IN VITRO EVALUATION OF IBUPROFEN HOT-MELT EXTRUDED PELLETS EMPLOYING DIFFERENT DESIGNS OF THE FLOW THROUGH CELL

  • Laila Hassanien Emara Industrial Pharmacy Laboratory,Medical and Pharmaceutical Chemistry Department, Division of Pharmaceutical Industries, National Research Centre.
  • Fatma Mohamed Abdelfattah Industrial Pharmacy Laboratory,Medical and Pharmaceutical Chemistry Department, Division of Pharmaceutical Industries, National Research Centre.
  • Nesrin Fouad Taha Industrial Pharmacy Laboratory,Medical and Pharmaceutical Chemistry Department, Division of Pharmaceutical Industries, National Research Centre.
  • Ahmed Abdel-rahman El-ashmawy Industrial Pharmacy Laboratory,Medical and Pharmaceutical Chemistry Department, Division of Pharmaceutical Industries, National Research Centre.
  • Nadia Mohamed Mursi Department of Pharmaceutics, Faculty of Pharmacy, Cairo University.

Abstract

Objective: Hot-melt extrusion technique (HME) was used to prepare a sustained release (SR) multiparticulate oral dosage form (pellets) containing Ibuprofen (IBU). Prepared IBU-HME pellets were in vitro evaluated by flow-through cell dissolution tester (FTC, USP Apparatus #4) using different flow conditions and FTC designs.

Methods: In this study, Sucroester®WE15 was used as the polymeric carrier to prepare two different IBU loadings (60 % and 30 % w/w). In order to optimize the FTC conditions, different cell sizes, pellets loading and hydrodynamic conditions of FTC on IBU release rate from pellets were proposed.

Results: The results showed that the IBU release rate was increased in the larger cell than the small cell. In addition, laminar flow showed more reproducible results than turbulent flow. It was found that the large cell with laminar flow rate and homogeneous mixing of the pellets with glass beads was the optimum conditions for in vitro evaluation of these preparations.

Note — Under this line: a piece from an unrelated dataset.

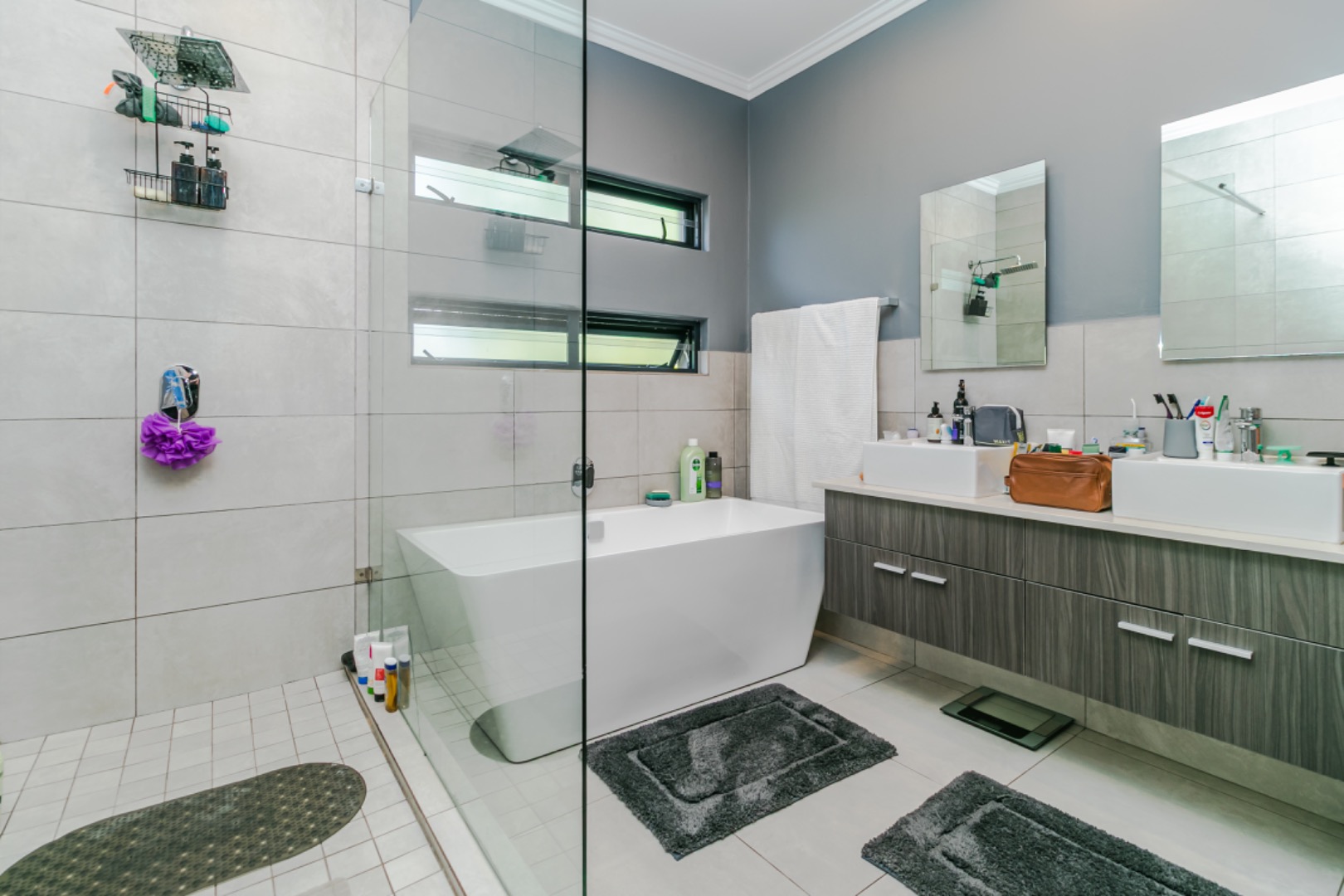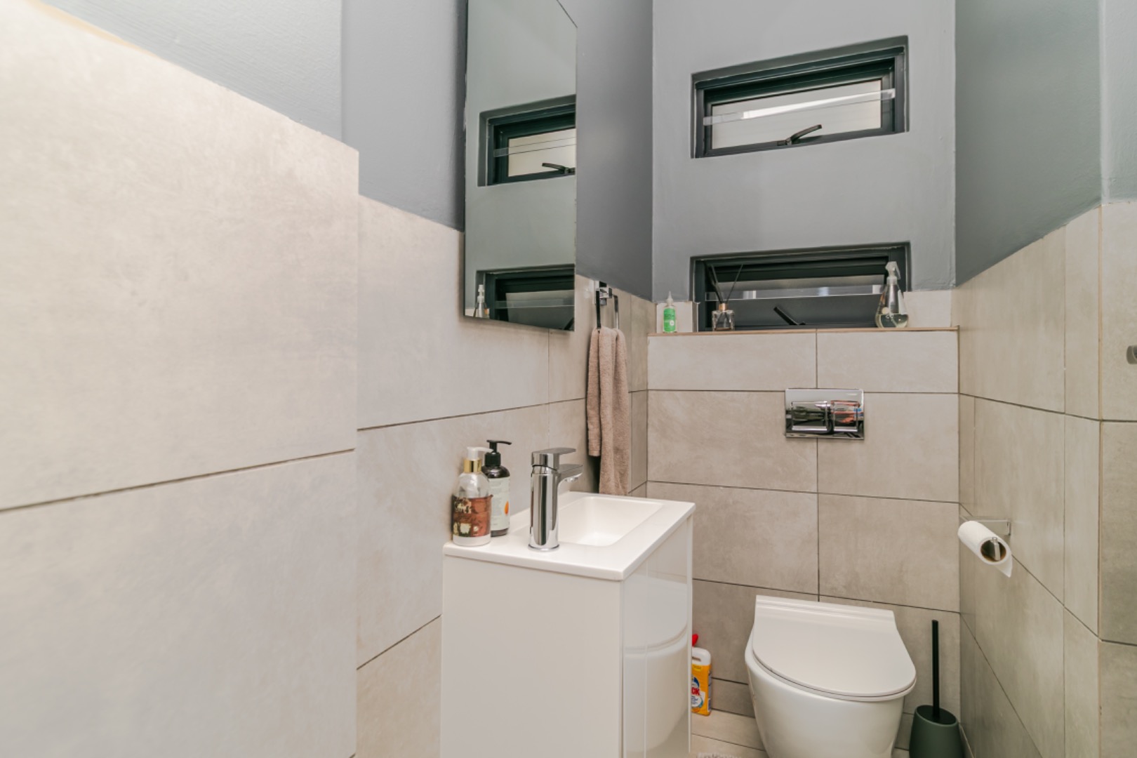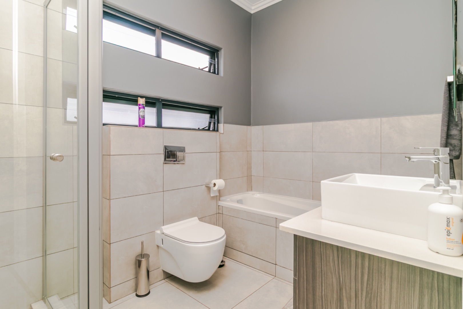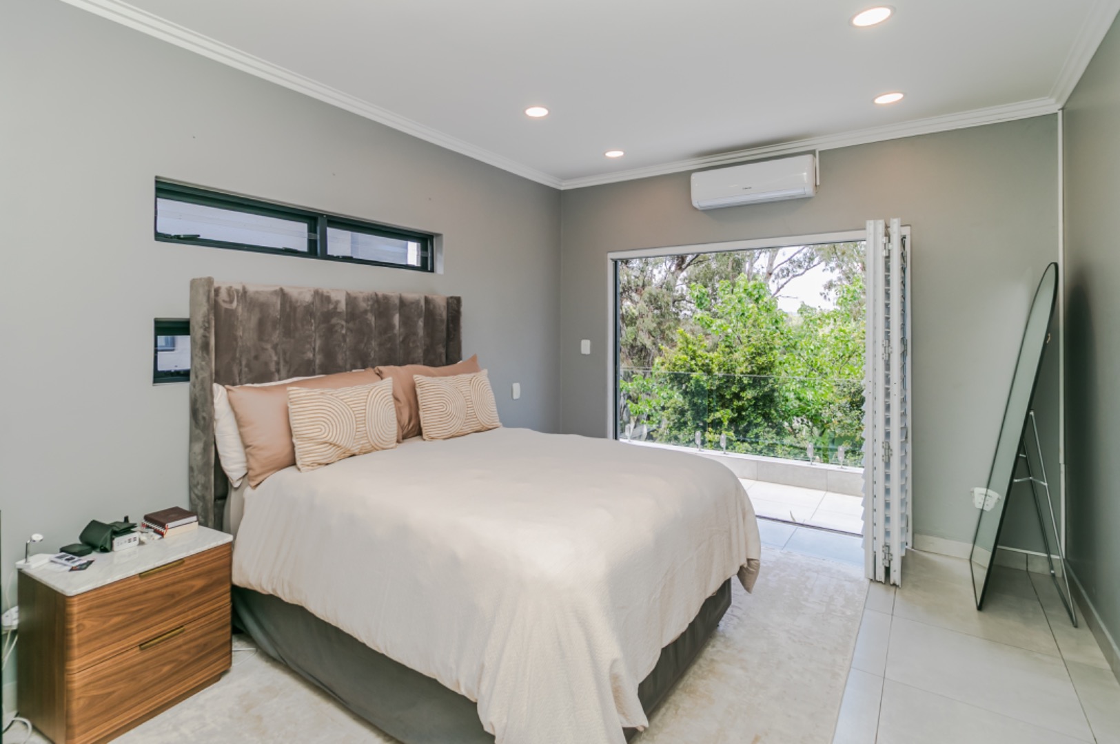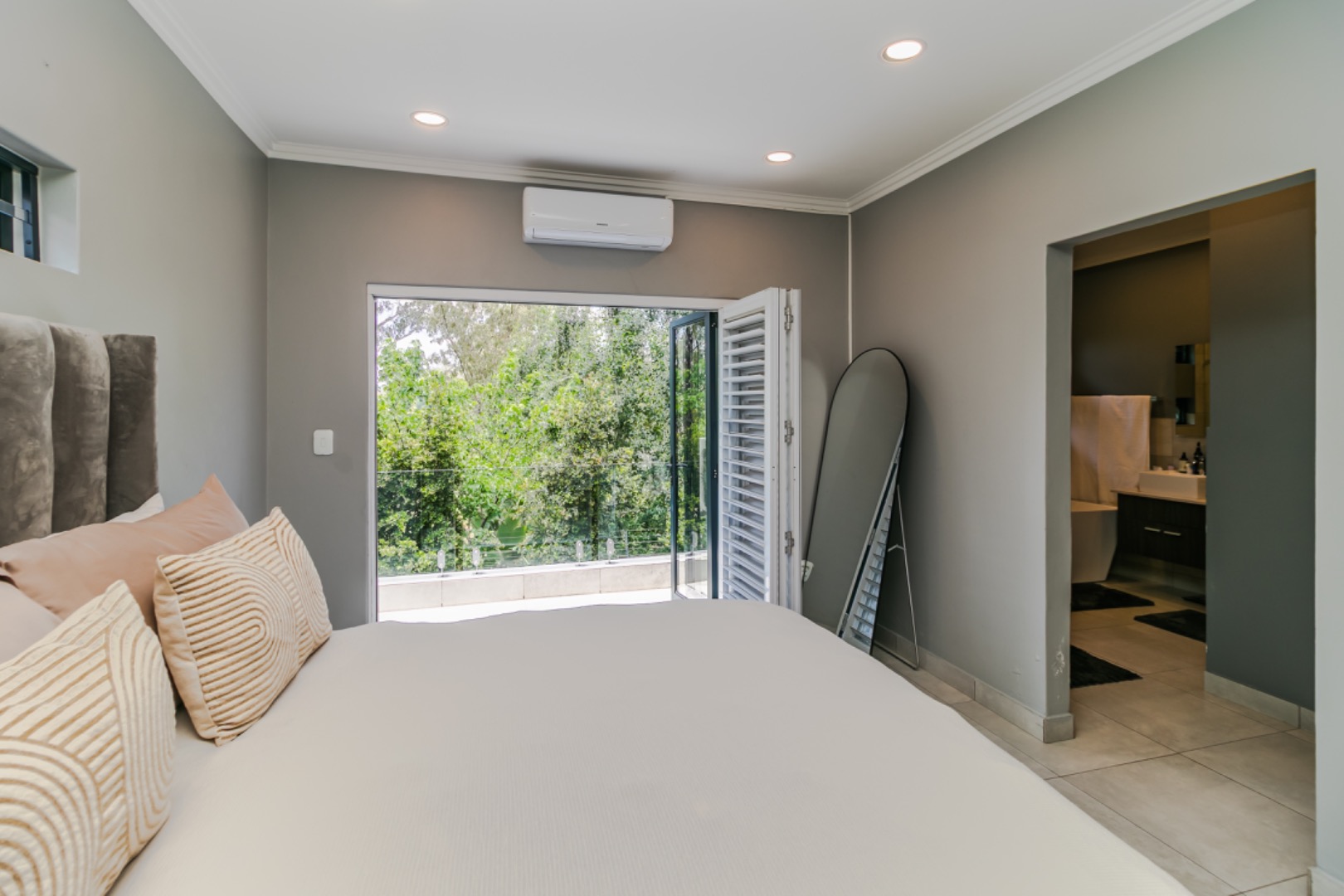 Experience contemporary elegance in this stunning 3-bedroom, 3.5-bathroom home, perfectly situated within a secure enclave in Petervale, Sandton. Covering 224 sqm of living space on a 242 sqm erf, this residence features a welcoming open-plan design that harmoniously integrates the modern kitchen, dining space, and a generous lounge. The sophisticated kitchen is adorned with dark high-gloss cabinetry, chic white subway tiles, a spacious island equipped with an integrated gas hob, and a striking red Smeg refrigerator, making it an ideal setting for culinary aficionados and social gatherings.

Conclusion: Improper methods of sample loading as well as cell size may result in confusing or erroneous data if not analyzed carefully. Therefore, it might be critical to choose a specific cell design of the FTC for in vitro evaluation of pellets to obtain reliable and discriminative results reflecting the major as well as minor formulation variables.

 

Keywords: Ibuprofen, Flow-through cell, Hot-melt extrusion, Pellets, Sustained-release, Sucroester.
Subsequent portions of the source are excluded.